**Aim of the exercise**: Within the entries below, please return exactly the lines from the one with "Τραπέζι σαλονιού τετράγωνο." through the one with "지원금 신청은 오는 7월", leaving out any pictures.

**Provided data**:
------------------------

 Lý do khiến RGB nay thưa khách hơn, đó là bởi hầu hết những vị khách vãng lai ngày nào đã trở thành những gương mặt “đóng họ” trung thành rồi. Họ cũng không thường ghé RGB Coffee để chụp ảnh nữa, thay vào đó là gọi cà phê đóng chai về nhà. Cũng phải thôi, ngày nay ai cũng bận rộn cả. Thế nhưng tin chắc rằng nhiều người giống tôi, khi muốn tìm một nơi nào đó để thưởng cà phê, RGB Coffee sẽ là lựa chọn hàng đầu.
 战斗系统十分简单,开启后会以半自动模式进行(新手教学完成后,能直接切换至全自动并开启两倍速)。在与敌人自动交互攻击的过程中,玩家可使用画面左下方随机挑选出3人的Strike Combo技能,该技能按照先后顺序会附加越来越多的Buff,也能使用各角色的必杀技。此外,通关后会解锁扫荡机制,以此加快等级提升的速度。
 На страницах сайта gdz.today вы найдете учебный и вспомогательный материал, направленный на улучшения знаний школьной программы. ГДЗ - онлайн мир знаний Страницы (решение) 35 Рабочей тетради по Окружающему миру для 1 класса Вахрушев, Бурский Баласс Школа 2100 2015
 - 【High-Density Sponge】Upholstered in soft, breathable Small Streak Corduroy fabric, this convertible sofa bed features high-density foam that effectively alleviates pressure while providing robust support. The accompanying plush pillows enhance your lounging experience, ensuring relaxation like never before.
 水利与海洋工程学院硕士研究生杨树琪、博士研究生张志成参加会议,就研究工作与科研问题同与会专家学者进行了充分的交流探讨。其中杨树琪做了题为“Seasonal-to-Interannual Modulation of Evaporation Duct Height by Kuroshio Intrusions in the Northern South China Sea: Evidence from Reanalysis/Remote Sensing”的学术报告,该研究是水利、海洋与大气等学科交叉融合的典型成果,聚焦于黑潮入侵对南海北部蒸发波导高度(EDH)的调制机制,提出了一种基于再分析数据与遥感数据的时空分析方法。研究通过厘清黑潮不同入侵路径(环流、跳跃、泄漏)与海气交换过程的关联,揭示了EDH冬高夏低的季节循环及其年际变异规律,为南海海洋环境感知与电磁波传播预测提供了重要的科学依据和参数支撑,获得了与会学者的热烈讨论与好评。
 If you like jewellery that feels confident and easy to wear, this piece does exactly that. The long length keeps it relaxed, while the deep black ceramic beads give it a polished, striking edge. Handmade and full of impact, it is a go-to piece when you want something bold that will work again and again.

------------------------

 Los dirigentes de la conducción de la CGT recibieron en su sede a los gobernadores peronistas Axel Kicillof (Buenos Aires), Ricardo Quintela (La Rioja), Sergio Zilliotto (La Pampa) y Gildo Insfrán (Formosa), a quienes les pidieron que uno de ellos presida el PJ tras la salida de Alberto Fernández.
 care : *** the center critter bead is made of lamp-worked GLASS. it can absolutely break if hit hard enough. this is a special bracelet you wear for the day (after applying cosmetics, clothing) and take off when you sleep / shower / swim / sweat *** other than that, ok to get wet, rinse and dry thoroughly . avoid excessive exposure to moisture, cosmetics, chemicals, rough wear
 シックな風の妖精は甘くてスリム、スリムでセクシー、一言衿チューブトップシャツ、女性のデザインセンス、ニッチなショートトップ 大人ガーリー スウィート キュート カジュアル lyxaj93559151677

------------------------

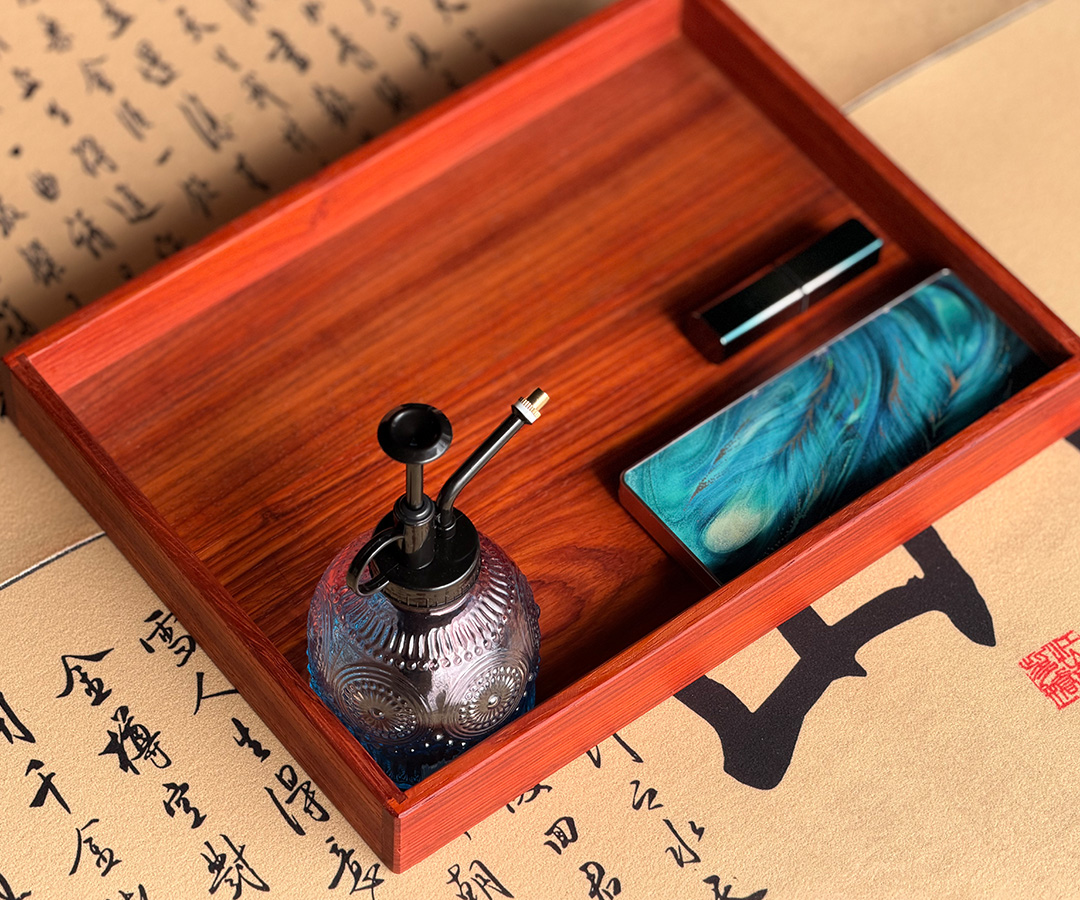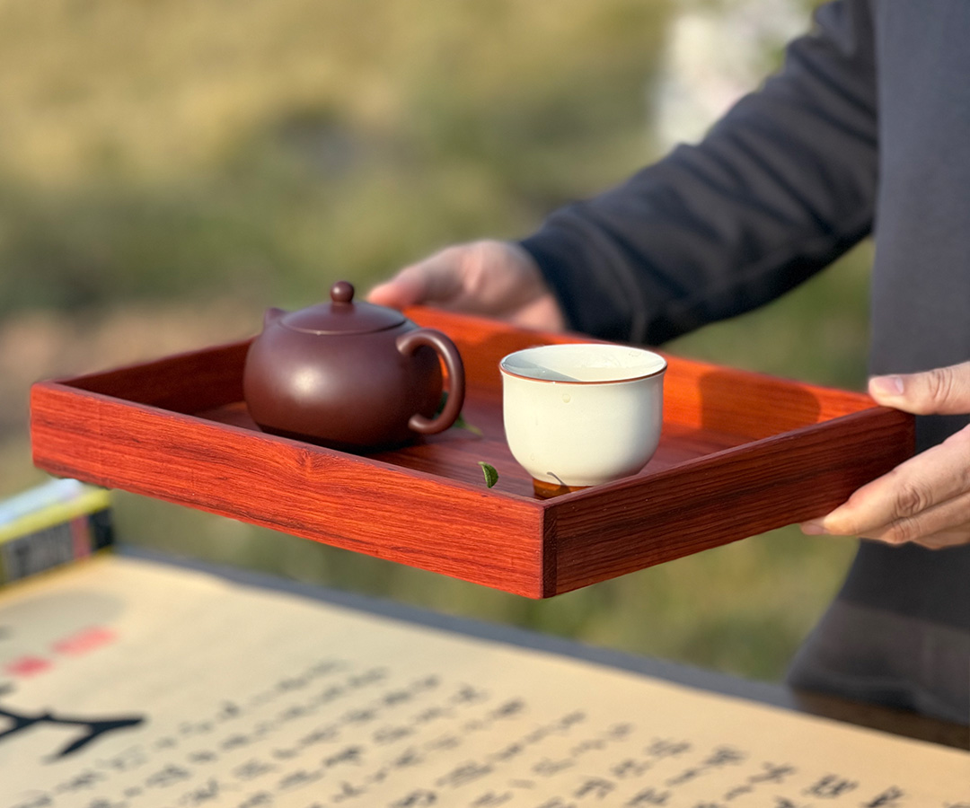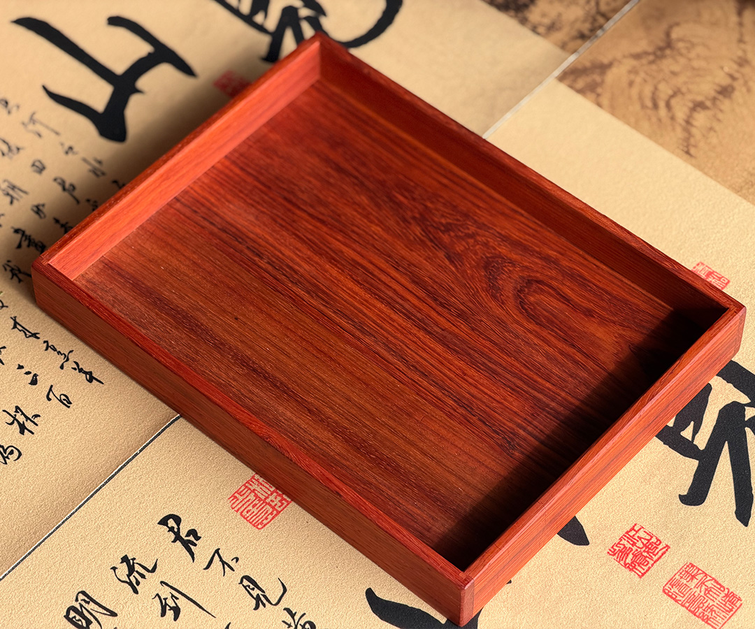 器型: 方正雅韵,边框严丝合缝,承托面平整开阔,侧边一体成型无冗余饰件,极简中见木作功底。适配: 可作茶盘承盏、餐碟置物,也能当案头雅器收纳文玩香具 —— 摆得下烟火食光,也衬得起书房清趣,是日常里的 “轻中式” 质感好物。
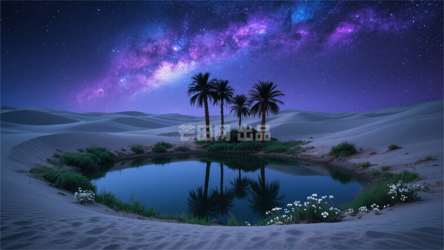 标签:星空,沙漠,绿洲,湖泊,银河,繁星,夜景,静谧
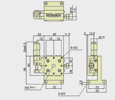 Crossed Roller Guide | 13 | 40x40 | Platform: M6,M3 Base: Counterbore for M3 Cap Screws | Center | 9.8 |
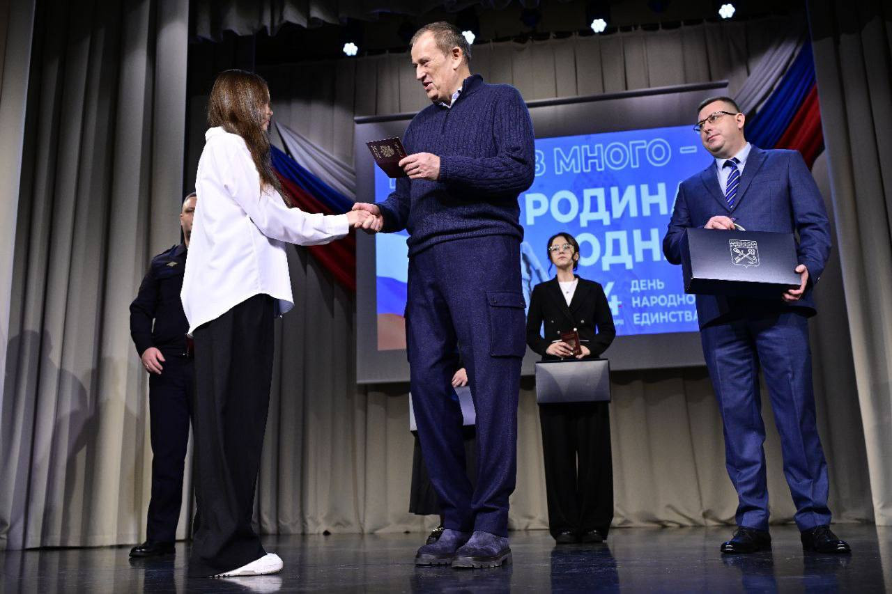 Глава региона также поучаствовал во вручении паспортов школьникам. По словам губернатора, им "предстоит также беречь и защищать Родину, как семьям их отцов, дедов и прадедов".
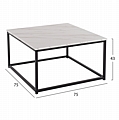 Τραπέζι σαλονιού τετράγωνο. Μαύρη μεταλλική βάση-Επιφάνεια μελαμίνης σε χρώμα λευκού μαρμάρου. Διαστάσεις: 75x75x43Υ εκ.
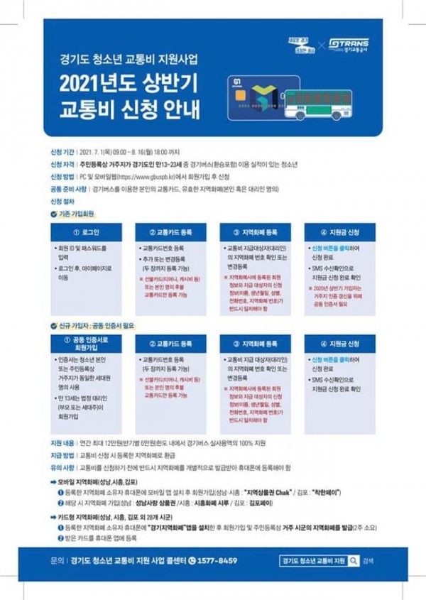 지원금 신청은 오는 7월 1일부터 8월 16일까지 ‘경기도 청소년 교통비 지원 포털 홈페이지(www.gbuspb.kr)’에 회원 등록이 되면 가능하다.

------------------------

**Response**:
 Τραπέζι σαλονιού τετράγωνο. Μαύρη μεταλλική βάση-Επιφάνεια μελαμίνης σε χρώμα λευκού μαρμάρου. Διαστάσεις: 75x75x43Υ εκ.
 지원금 신청은 오는 7월 1일부터 8월 16일까지 ‘경기도 청소년 교통비 지원 포털 홈페이지(www.gbuspb.kr)’에 회원 등록이 되면 가능하다.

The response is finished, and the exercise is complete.